A RE(LIRE) : L’appréciation du taux de dollar américain sur le marché congolais est factice, selon le Pr Laurent Mabiala

Dans un deuxième canal, le taux de change réel affecte le prix relatif entre biens domestiques et étrangers qui affecte la demande pour les biens domestiques et ainsi la demande globale et l’inflation.  En effet, même si l’économie est moins diversifiée et importe plus, la variation du taux de change se répercute également sur les prix à la consommation par l’influence qu’elle a sur la demande de produits intérieurs. Du fait d’un changement du prix relatif entre biens domestiques et biens étrangers, une dépréciation donnant ainsi lieu à une majoration du prix des biens importés fait augmenter la demande de biens produits nationaux (produits alimentaires, les ciments, et tous les produits cités par professeur Laurent Mabiala) qui concurrencent les importations.

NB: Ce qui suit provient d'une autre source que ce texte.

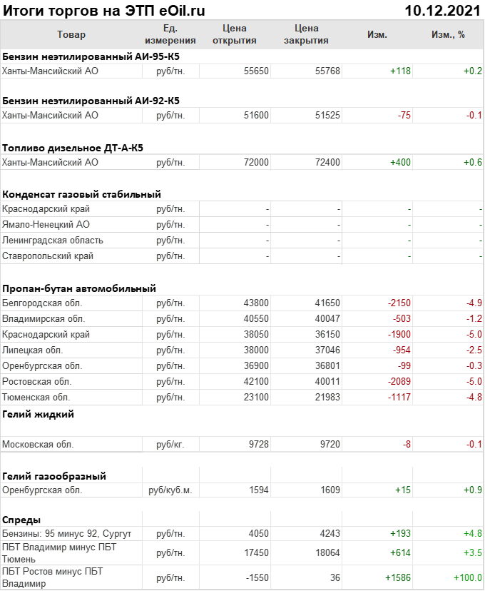 Итоги торгов на ЭТП eOil.ru с 6 по 10 декабря 2021
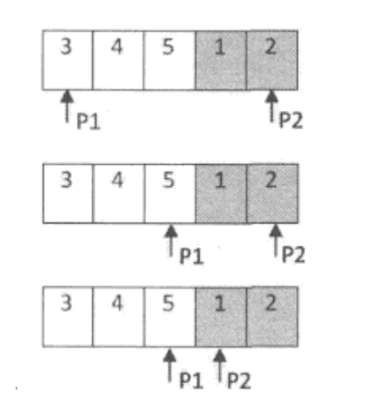 在这两种情况下,第一个指针和第二个指针指向的数字都是1,并且两个指针中间的数字也是1,左右中间的三个数都相同。

Enfin, dans le troisième canal, parce que la dépréciation du taux de change augmente les prix des biens d’importation concurrents et exportables, elle peut exercer une pression sur les salaires en raison de son effet sur le coût de la vie. L’évolution du taux de change devient ainsi un signal important pour les anticipations d’inflation. Une dépréciation du change va amener en effet, les agents privés à réviser leurs anticipations d’inflation à la hausse, qui vont se répercuter sur les prix intérieurs et les salaires nominaux. En augmentant, les salaires poussent encore davantage à la hausse du niveau général des prix de l’économie.